Exercise aim:
An exact repetition of the data is required; no picture should appear in it.

Information supplied:
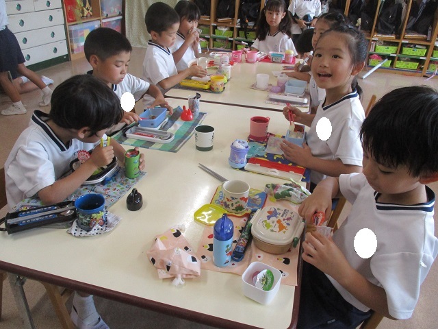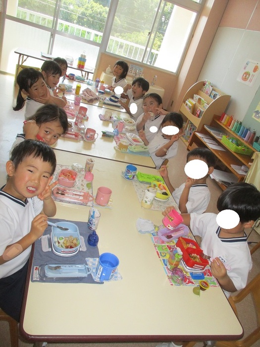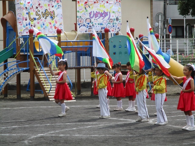 運動会まであと少し。暑さに負けずにマーチングの練習も頑張っています。年長組はリレーがあるので、今日は作戦会議もしました。どういう順番にしたらいいのか?自分たちで真剣に話し合っていました。そんなひとりひとりの頑張る気持ちが当日につながっていってくれたら嬉しいです。 | ||
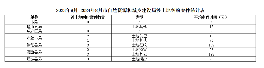 2023年9月-2024年8月,全市自然資源系統(tǒng)已審結(jié)的涉土地糾紛案件共17件。按照案件類型分類,土地預審類2件,土地供應類2件,土地征收類5件,土地其他類8件。平均辦理天數(shù)(平均解決時間)95.06天。
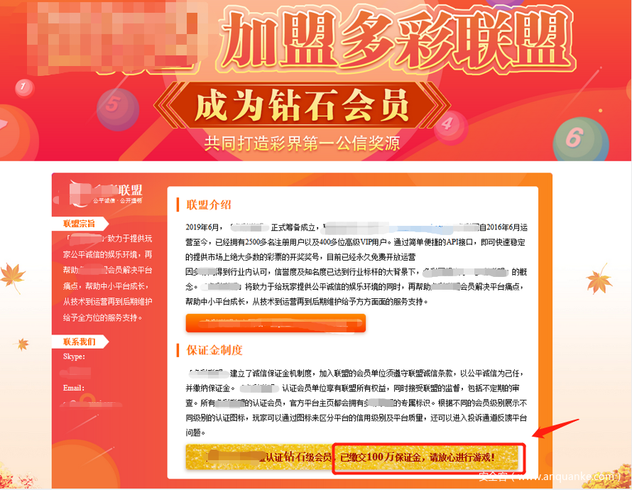 点击页面中的奖源认证,会跳转至多*联盟的会员认证入口,其页面内容介绍“恒*为多*联盟认证钻石级会员,已缴交100万保证金”,从而让赌客相信赌博平台不会“跑路”。

Task solution:
 運動会まであと少し。暑さに負けずにマーチングの練習も頑張っています。年長組はリレーがあるので、今日は作戦会議もしました。どういう順番にしたらいいのか?自分たちで真剣に話し合っていました。そんなひとりひとりの頑張る気持ちが当日につながっていってくれたら嬉しいです。 | ||
 2023年9月-2024年8月,全市自然資源系統(tǒng)已審結(jié)的涉土地糾紛案件共17件。按照案件類型分類,土地預審類2件,土地供應類2件,土地征收類5件,土地其他類8件。平均辦理天數(shù)(平均解決時間)95.06天。
 点击页面中的奖源认证,会跳转至多*联盟的会员认证入口,其页面内容介绍“恒*为多*联盟认证钻石级会员,已缴交100万保证金”,从而让赌客相信赌博平台不会“跑路”。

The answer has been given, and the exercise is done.